Over 30 years later, founder member Mr G B Howell, who retired as Chairman of the Mutare SPCA in 2002, is still an active and most respected member of the Society.

There are currently 15 active SPCA centers or divisions of ZNSPCA throughout Zimbabwe, with the recent important addition of Beitbridge.

In 2000, the National Executive Council, which represents all SPCA centers, appointed a National Co-ordinator, Chief Inspector Meryl Harrison to provide liaison between the centers, advise members on correct policy and procedure and most importantly, to provide training to Inspectors for appointment by the Minister of Tourism and the Environment, empowered to enforce the Prevention of Cruelty to Animals Act, the primary objective of the Society.

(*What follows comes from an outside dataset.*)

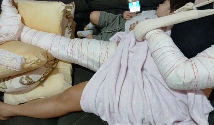 Hoje, eu estou com o braço esquerdo e a perna direita quebrados, além de escoriações pelo corpo. Não consigo me movimentar sozinha e preciso de ajuda até para tomar banho, levantar da cama ou cuidar das necessidades básicas.

With only 10 Inspectors currently employed throughout Zimbabwe, the training of Inspectors remains the Chief Inspector's priority. Four trainees who recently completed their training and passed the Inspector's examination with excellent results are awaiting accreditation by the Minister. Three further trainees are currently undergoing their practical training. The ZNSPCA is always on the look-out for suitable individuals with the necessary level of dedication and commitment to animal welfare.

As the only organisation authorised to rescue the thousands of animals abandoned or affected by ongoing land reforms, the brave and determined Inspectors of ZNSPCA have been a credit to the Society and have received international commendations and awards for their bravery. The ZNSPCA's work has been documented in Innocent Victims by Catherine Buckle.

Apart from the rescue work which currently takes up most of the National team's time, Chief Inspector Harrison still manages to find time to deal with the myriad other animal welfare concerns of the Society, such as live animal transportation, intensive farming, wildlife in captivity, improving the conditions of laboratory animals, the introduction of codes of practice for livestock producers, export and translocation of wild animals and ensuring the humane treatment of regulated problem animals. She routinely consults with all the stake-holders connected with these activities and has established the Animal Welfare Forum, a tri-partite group comprising the Chief Inspector of the ZNSPCA, Chief Government Veterinarian and Chairman of the Veterinary Council of Zimbabwe. She retired in 2004.

Through the work of the Inspectorate, the Society in Zimbabwe is no longer perceived as an organisation merely concerned with the welfare of 'cats and dogs', but an organisation committed to the prevention of cruelty to animals in all of its manifestations.

As there are not many records available relating to the history of the Society in Zimbabwe, we would appreciate any information, files, newspaper cuttings or correspondence from former Chairmen and Inspectors in order to provide a more detailed and interesting history of the Society.

In recent years, a number of high-profile journalists such as Zimbabwean Catherine Buckle and South African Jani Allan have published columns on animal cruelty in Zimbabwe.